Exercise data Block Start

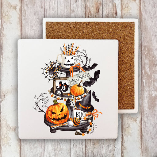 Happy Halloween Stacked Pumpkins Stone Coaster
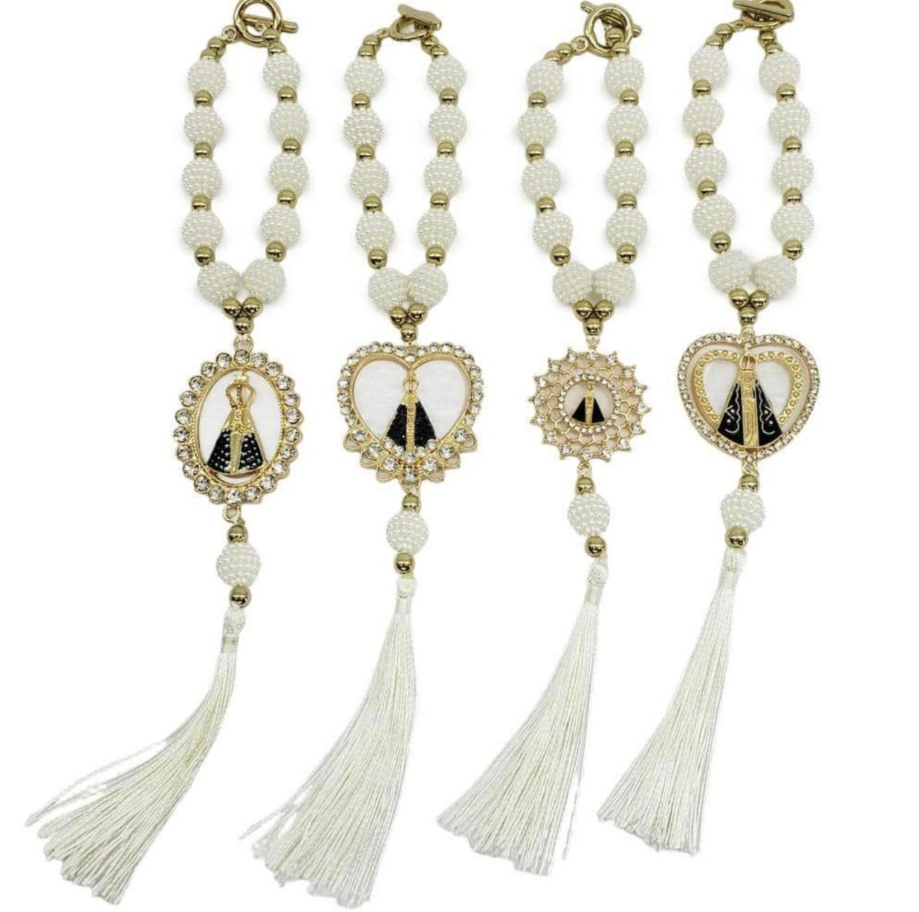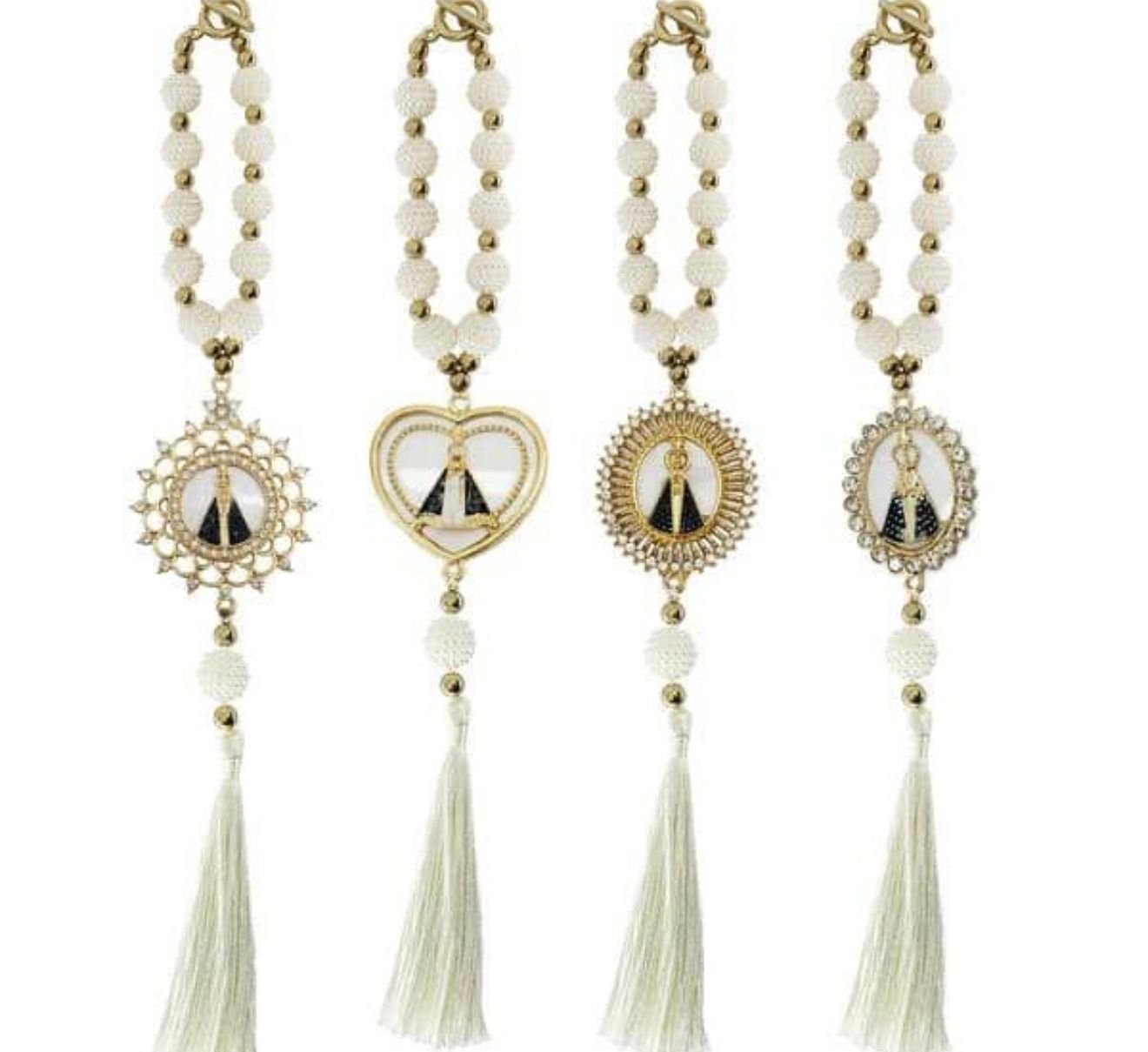 KIT CONTENDO 12 UNIDADES DE DEZENAS DE NOSSA SENHORA APARECIDA COM STRASS E POM POM
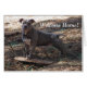 Esta tarjeta dice: "Bienvenido a casa". En su interior dice: "Ahora, ¡JUGEMOS!" Una adorable tarjeta que muestra un hermoso Pitbull de la Nariz Azul llamado Sarge. Sarge está de pie con sus dos patas delanteras en su juguete favorito, un patinador. Sus patas traseras están extendidas y sus orejas están altas y alerta, mientras este hermoso perro te mira en una posición perfecta.
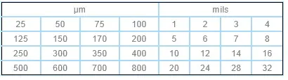 用于對新涂的濕涂層進行快速簡易的厚度測量。只需將儀器伸入濕涂層里,直到接觸到底材,從16個不同的測量點讀出厚度值。刻度如下:
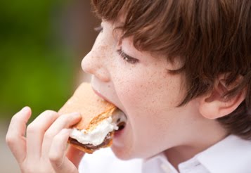 We made s’mores after our Mother’s Day supper this year. I think you can tell who liked ‘em best, though truthfully, the grownups munched theirs enthusiastically, too!Can you tell from the pic below that we used the new jumbo marshmallows that are now on the market? They are huge, and at first I thought excessive, but since I like extra-gooey s’mores, the higher ratio of marshmallow actually appealed to me greatly.
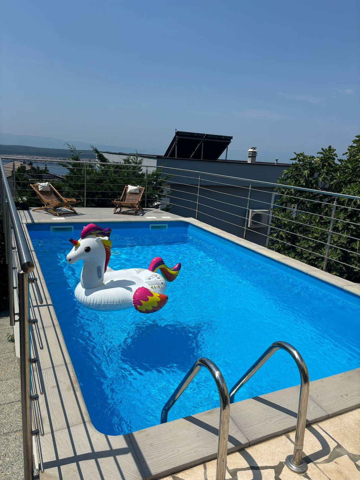 Opustite se sa svojom obitelji i prijateljima u ovom ugodnom smještaju. Lokacija kuće na mirnom mjestu, vrlo intimno, a udaljeno od mora i centra par minuta autom. Veliki grijani bazen 42 m2 u kojem se možete opuštati uz prekrasan panoramski pogled na more i otok Krk. Zalazak sunca je čaroban,a doživjeti ga možete s balkona ili iz bazena. Ķuća je novo sagrađena i opremljena vrlo moderno i kvalitetno, smjestena u Kvarnerskom zaljevu par kilometara od mosta za otok Krk(aerodrom)i grada Crikvenice.
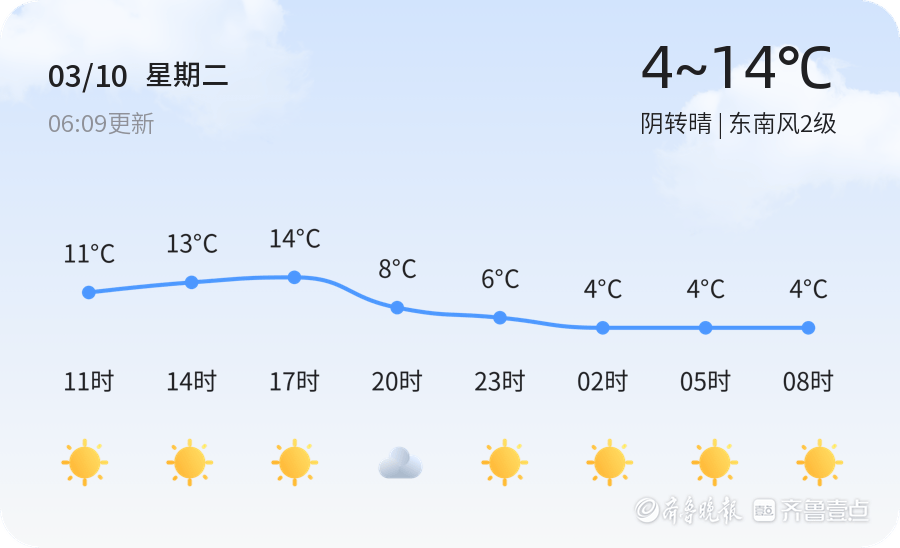 今天是3月10日,正月廿二,星期二。德州今日天气阴转晴,气温4℃至14℃,东南风2级,空气湿度73%。当前空气质量为轻度污染,PM2.5浓度为111微克/立方米,建议敏感人群减少户外活动。市民出行时请注意防晒和保暖,随身携带雨具以防天气突变。
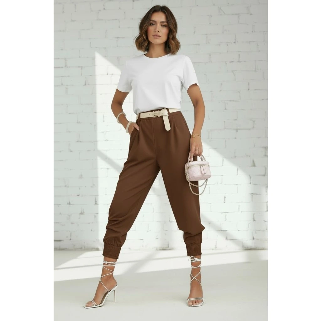 Elegantní tepláky s páskem hnědé Luxusně jemný materiál, pohodlný střih a sofistikovaný vzhled pro každý den
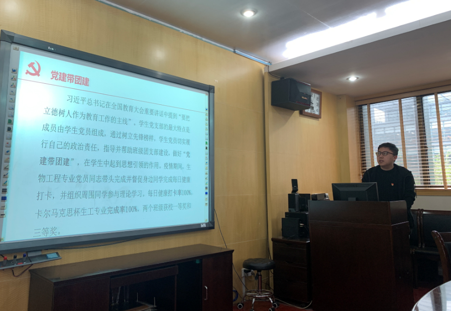 叶春林、袁海娜、盖希坤、祝巨等4位教师党支部书记和蔡瑞康、范俊强、程勇杰、王海芳、范玉凤、方乐成等6位学生党支部书记分别从支部基本情况、政治学习、组织建设、主要工作、存在不足和下一步举措等方面进行了述职汇报。
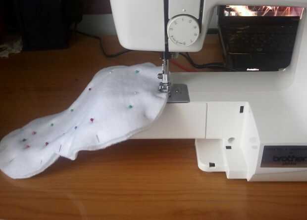 Perno de cada lado para que no se mueve mientras usted está tratando de coser. Asegúrese de que coser con los lados bien hacia dentro y deja un pequeño agujero en la parte inferior para darle la vuelta. El material que utilicé fue tan suave y ligeramente elástico por lo que queda un agujero muy pequeño. Dependiendo de su material deberá dejar un espacio más grande que lo que he hecho.
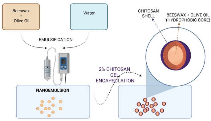At the molecular level, interactions between beeswax and chitosan can occur through several mechanisms that affect the physicochemical and functional properties of the resulting complexes or composites. Beeswax is a mixture of hydrophobic compounds (mainly fatty acid esters and hydrocarbons), and is soluble in oils. Chitosan, conversely, is hydrophilic due to the presence of amino (–NH2) and hydroxyl (–OH) groups, and undergoes protonation (the transition from –NH2 to –NH3+) in an acidic environment, which gives it a positive charge. Following sonication, the wax molecules, dissolved in the oil, form an emulsion. Subsequently, a layer of chitosan is formed around the nanoemulsion droplets, thereby stabilising the wax/oil emulsions and forming capsules with a hydrophobic core (wax/oil) and a polymer coating (chitosan).Results from electron microscopy and FTIR-ATR studies confirm the proposed nanocapsule structure (Fig. 1): a hydrophobic core (beeswax and olive oil) stabilised by hydrophobic interactions, encapsulated within a chitosan coating that maintains spherical integrity via hydrogen bonding. This is corroborated by FTIR-ATR spectra, which reveal molecular interactions between components through peak shifts and intensity changes—notably, reduced absorption of –OH/–NH2 groups at 3257 cm−1 and altered bands at 2915 cm−1 (C–H asym. stretch), 2849 cm−1 (C–H sym. stretch), and 1744 cm−1 (C = O ester stretch).
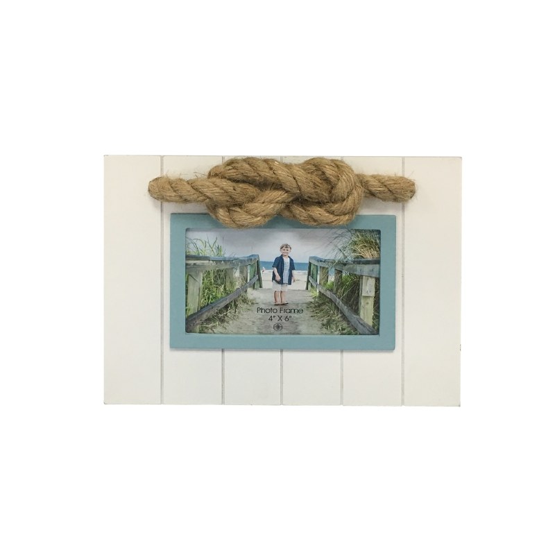 4" x 6" White and Teal Rope Knot Frame
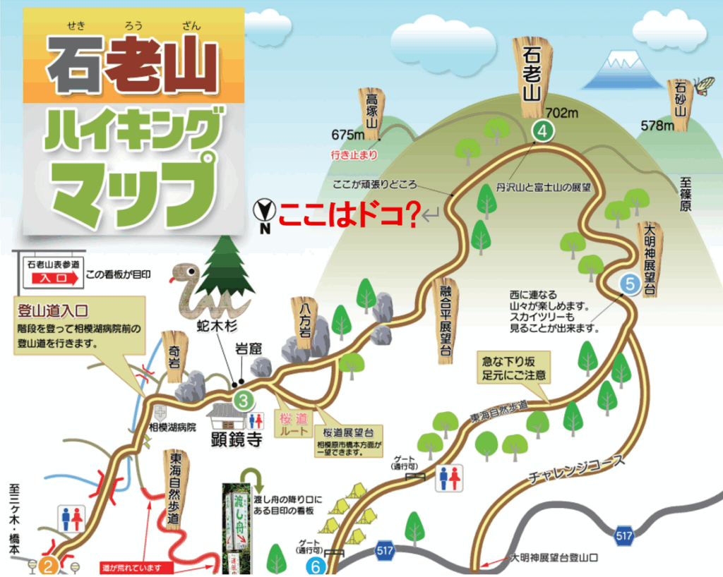 相模湖観光案内所で頂戴した「石老山ハイキングマップ」に一か所「ここが頑張りどころ」と記されている箇所が実は何か所もあるのではないかと疑いつつ、やっと到着した山頂ですが、ちょうど雲がかかったタイミングで丹沢や富士山が瞬間的にしか見えません。残念がる我々がうるさかったのか、先に登頂されていた日本語が流暢な外国人カップルから我々が到着する前に撮影した写真をみせてもらったり、ソロ登山の方から親切に見える場所を教えてもらったりして、こうした交流も楽しいものです。記念写真を撮り、軽食をとって束の間の休息を満喫しました。
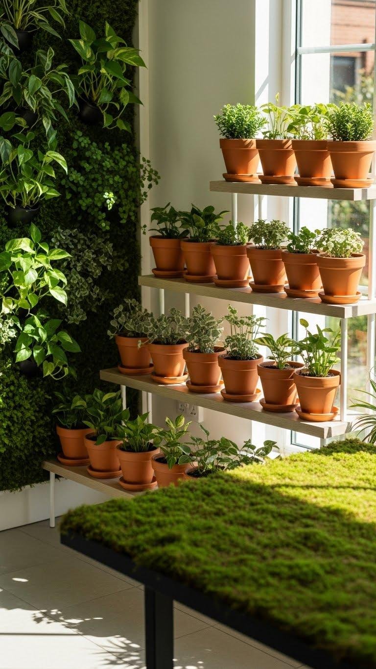 You’ll place a living wall for vertical drama, arrange terracotta planters on staggered shelves, and position a moss table beneath a sunlight cascade.
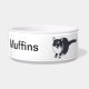 Painting of a cute black and white tuxedo cat done in pointillism, is printed on custom personalised pet bowls. Be sure to customise the name and to select the size bowl that you want.

Exercise data Block End

**Task directions**
Out of the records above, please copy exactly the lines from the line with "una posición perfecta." up to and including the line with "用于對新涂的濕涂層進行快速簡", minus the pictures.

**Answer to this exercise**
 Esta tarjeta dice: "Bienvenido a casa". En su interior dice: "Ahora, ¡JUGEMOS!" Una adorable tarjeta que muestra un hermoso Pitbull de la Nariz Azul llamado Sarge. Sarge está de pie con sus dos patas delanteras en su juguete favorito, un patinador. Sus patas traseras están extendidas y sus orejas están altas y alerta, mientras este hermoso perro te mira en una posición perfecta.
 用于對新涂的濕涂層進行快速簡易的厚度測量。只需將儀器伸入濕涂層里,直到接觸到底材,從16個不同的測量點讀出厚度值。刻度如下:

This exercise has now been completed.